Gartner published a report yesterday*, revealing that half of current finance artificial intelligence (AI) deployments will be either delayed or cancelled by 2024, while the use of business process outsourcing (BPO) for AI will rise from six percent to 40 percent within two years. The report outlines how, despite finance departments making reasonable progress in laying the groundwork for AI, challenges arise when they attempt to scale up solutions that can manage the complexities of function-wide use.
It also explains that digital automation in finance often fails to meet the expected benefits outlined in the related business cases. Much of this is down to a lack of truly functional automated processes; a significant proportion of automation work fails and is rerouted to a human for manual input. Without making changes to this idea of “fake automation”, Gartner predicts that finance departments will struggle to scale automated solutions, such as AI, effectively across the function.
Ash Finnegan, digital transformation officer at Conga comments on how finance leaders can adapt their approach to revenue operations transformation by assessing their current digital maturity:
“If companies think automation will solve all their problems, they are approaching transformation all wrong. AI is only as good as the data provided and if there are bad processes in place, automation will only accelerate this issue.
“Finance departments, just like any other organisation, need to fully optimise their revenue operations process, before considering any new technology. It is crucial that leaders and IT teams establish the company’s digital maturity – where they are and where they need to get to – and review the operational model throughout every stage of their digital transformation journey, from foundation to full system integration. Teams may have stumbled across a number of bottlenecks or unnecessary processes, and this will have affected overall workflow.

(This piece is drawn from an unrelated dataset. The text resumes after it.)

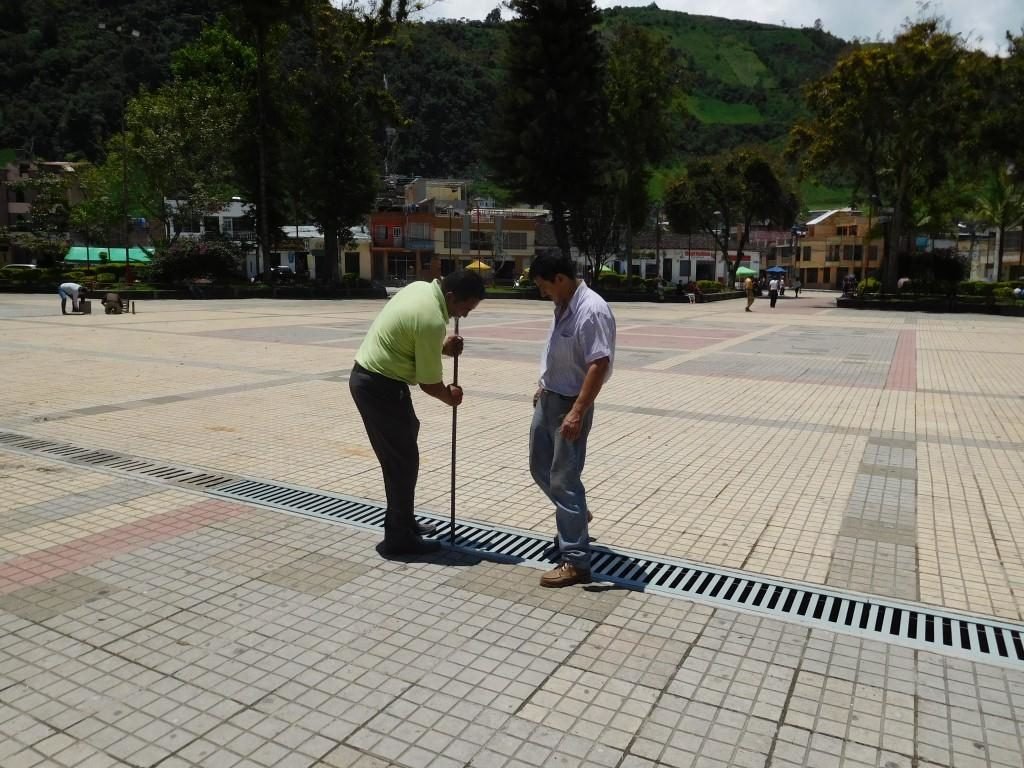 Inicialmente el contratista Clemente Montezuma Coronel instaló las rejillas metálicas en los sumideros de acceso al interior del parque y este martes instaló las rejillas en un sumidero y la mitad de otro, ubicados en el centro del parque.

“By taking a step back and reviewing the operation model, leaders will have a clearer picture of the current state of their business, and what the next stage of their revenue operations transformation journey should be. After identifying any operational issues and reviewing legacy systems, leaders can then establish clear objectives, such as unifying systems of record and streamlining data flows between teams. Only then can leaders consider incorporating or scaling AI and streamlining the processes that matter to help them to achieve these overarching goals.
“Furthermore, they need to consider each phase of their operations – front to back office. By streamlining their operational model and unifying systems of record, companies will have far greater insight into data streams, and this will empower AI, taking their business to a true state of intelligence.
“It is vital that at every stage of the digital transformation journey, leaders fine-tune the basic workflow to ensure any inefficiencies are removed.”